There are too many distractions. I succumb to them all. And I would like to tell you that my distractions are noble–rereading the classics, diligent research. But they are not. I am distracted by bad TV shows from the US, by the top stories in the Jamaican newspapers, by Candy Crush (God did I just admit that?), by the entirety of the internet…
Sound familiar? Despite all that, somehow, a pattern does emerge.
Writing periods, when they come to me, do not come neatly. They stretch across days, from 10 at night to five in the morning, me going to sleep only when I see the sky brightening and suddenly in my head is the warning voice of an old Caribbean woman: “Don’t make tomorrow catch you looking into yesterday!” I go to sleep then, but it is a restless sleep, and I wake up just a few hours later to write again…
And what does he produce as a result? Nine books in 10 years, as well as articles and essays and reviews and blogs and lectures. An output perhaps more staggering than Murakami’s.

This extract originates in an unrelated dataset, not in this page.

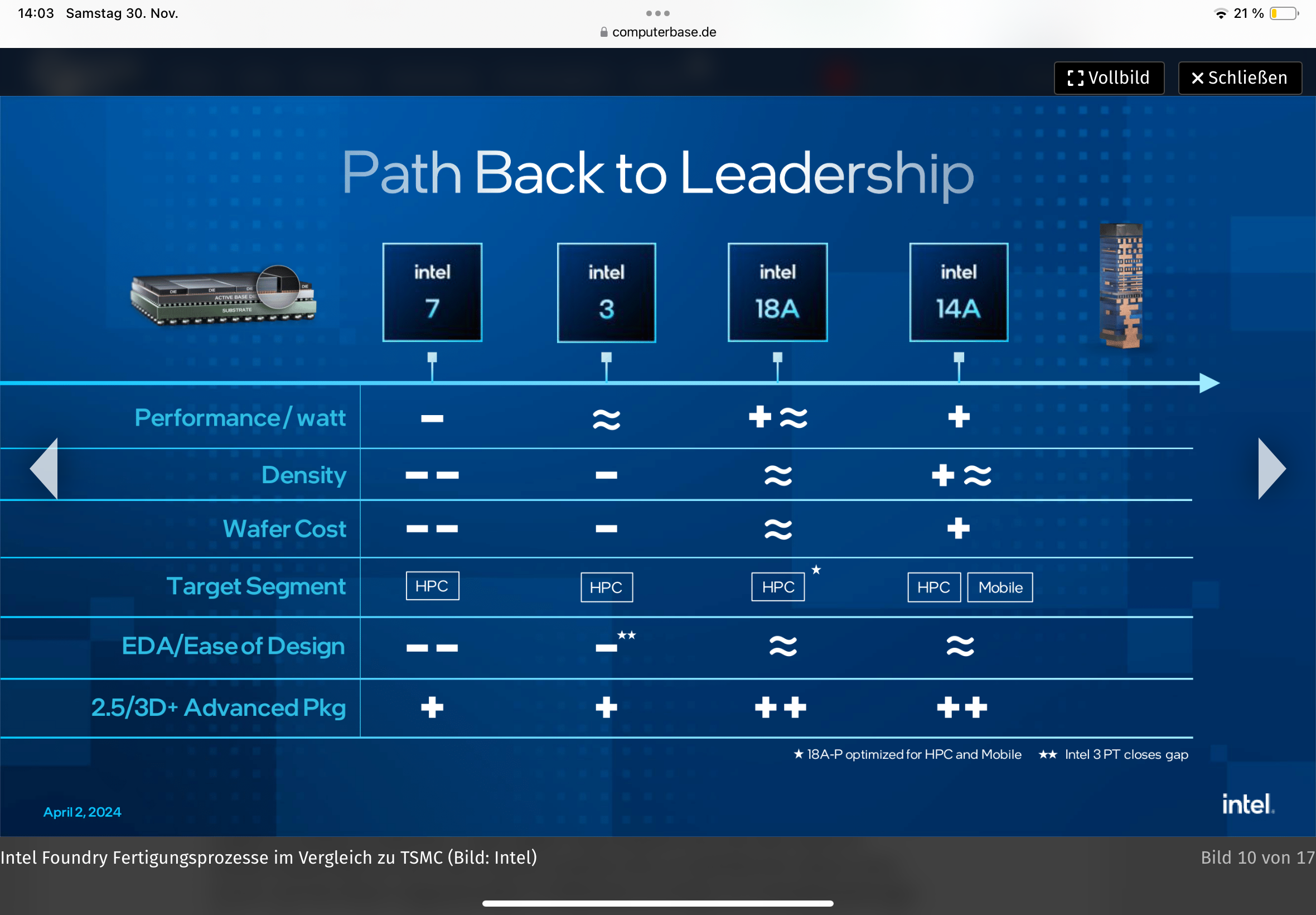 auch finde ich interessant das Intel bereits anfang des Jahres die Kosten genannt hat, mit A18 wollen sie gleich ziehen und ab A14 einen Kostenvorteil bieten wo schon Intel 3 doch teurer war. die Finanzieren TSMC jetzt mit den Ausbau zu beschleunigen und kaufen das Teuer ein, wenn Intel dann aber selbst fertigen könnte braucht TSMC nur die Preis zu drücken, nicht umsonnst steigt die Marge bei TSMC munter weiter wo Intels immer weiter fällt. nächstes Jahr wird allemal spannend, TSMC wird mit 5nm sicher noch ein Paar jahre gutes Geld verdienen denn dagegen hat intel dann nur A18 der sicherlich teurer ist und bei weitem nicht die Kapazitäten liefern kann.
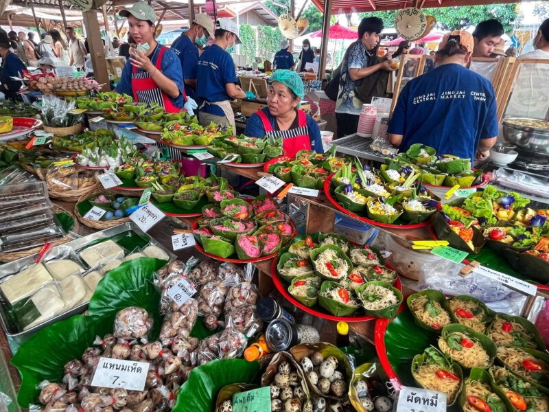 Le durian emplit l’air d’une odeur forte et sucrée. Le gingembre frais pique les narines. Le poisson dégage une senteur marine. Les fleurs de jasmin parfument les allées. Le curry rouge est omniprésent. Le basilic thaï ajoute une note verte. Les mangues mûres diffusent une douceur tropicale. Le café glacé sent le caramel. Les nouilles sautées fument sur les woks. Le piment rouge brûle légèrement l’air. Le savon artisanal sent la lavande. Le cuir des sacs est neuf et tanné. L’encens des boutiques de souvenirs flotte doucement. Le marché est un mélange intense et vivant. Chaque pas révèle une nouvelle senteur.

So, what’s the point of all this? You have to find your own routine or pattern. And then stick to it. Don’t be afraid to experiment. Sometimes, I add or subtract little things from my writing routine: will things change if I don’t workout? If I listen to music instead? You must try earnestly and forthrightly to find what works for you. Write down how many words you wrote on a certain day and see if it was more than yesterday and analyze what you did differently. Did you produce more? Maybe there was a change in your routine that contributed to that higher word count…
There’s lots of ways to become more productive, but routine is probably the best. And nobody can give that routine to you. Not me, not your significant other, not your writing sensei. You just have to go out there and start doing it. That’s the only way there’s ever been.
2 thoughts on “The Craft: How to Find Your Writing Routine”
Between school’s often-unpredictable nature and other life obligations, settling into a regular writing routine has proven difficult for me. I have noticed that my best writing occurs at night, though. Perhaps I should build around that! Great post.